An example of a stump cut dormant Crepe Myrtle. When this is done year after year you end up with a deformed looking tree that is prone to wind damage when in bloom.
I don’t usually start off a blog in such a negative way, but there are certain practices out there which need to be stopped, and many of these occur in the spring. I recently have seen many timely articles about the annual ritual of hacking off the top half of Crepe Myrtle trees. One in particular hit the nail on the head, titling it “Crepe Murder.” This practice involves stump cutting the entire tree down to a certain height. It is very unattractive and unnatural-looking when the foliage is gone, namely all winter, and when done year after year, you end up with knobby branches. To me, this sort of looks like the painful joints of an arthritic person. I have seen many pear trees mutilated in the same way. Many people do this because they see paid gardeners do this and unsuspectingly think it’s the right thing to do.
Tip — The proper way to keep a Crepe Myrtle trimmed is to cut the branches at the base of the branch, just like you do for most other plants. This will maintain the proper branching structure and keep it natural.
This is what happens to trees which have had the mulch piled too high, "mulch volcano" style. The roots are struggling to receive water and nutrients growing toward the surface, instead of downward where they are needed for stability.
Another really bad practice that I would like to caution against is the “Mulch Volcano.” This is when the mulch is piled really high around the base of a tree with a dip in the center where the trunk comes out from the dirt. Many so called “professional” gardening crews do this as a standard practice, and so again many gardeners follow suit, thinking it is correct. In fact, it will actually kill the tree, choking off all rain and nutrients from ever reaching the poor root system. The example to the right shows what happens to them if they don’t die. Notice how the roots will try to grow upwards to the surface in order to reach moisture. This can cause a host of new issues to deal with, such as the roots protruding out of the dirt compromising their stability, and causing them to be easily harmed during mowing. Also, it makes the roots easy to trip over if you are walking under the tree.

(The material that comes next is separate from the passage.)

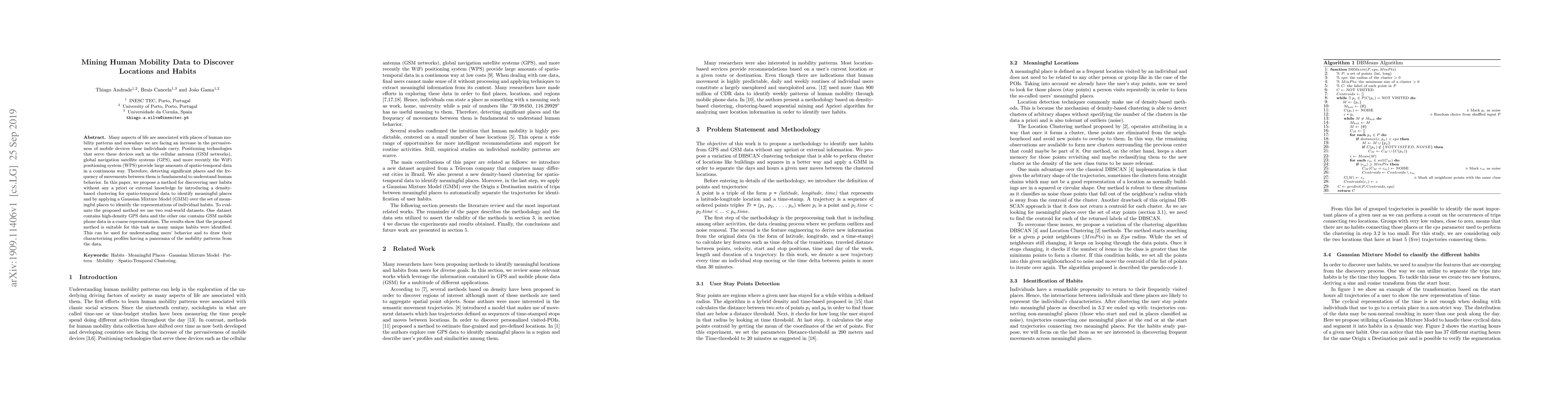 This paper proposes a density-based clustering method and a Gaussian Mixture Model to identify significant locations and user habits from human mobility data without prior knowledge. Evaluations on real-world GPS and GSM datasets demonstrate the method's effectiveness in uncovering unique behavioral patterns.

Another item that I would like to caution about is spraying weed killer. If it is not a completely windless day, the mist can carry quite a distance killing everything along the way. The best tip I have come across is to dip a sponge in the herbicide and lightly touch it to the weeds you want taken out. For a large area, such as killing the grass for a new garden bed, apply it with a paint roller. Quick and easy!
When daffodils and other bulbs have finished blooming, deadhead the spent blooms but leave the foliage for at least a month before cutting it down. This will ensure a beautiful and healthy display the following Spring.
One more quick don’t- when your daffodils and other bulbs have finished blooming for the season, don’t cut the foliage to the ground just yet. Go ahead and remove the dried up blooms, but leave the foliage until the green color fades. This is how the bulb replenishes itself with nutrients for the following spring, so it’s important to allow the leaves to soak in the rain and sun for an extra month or so.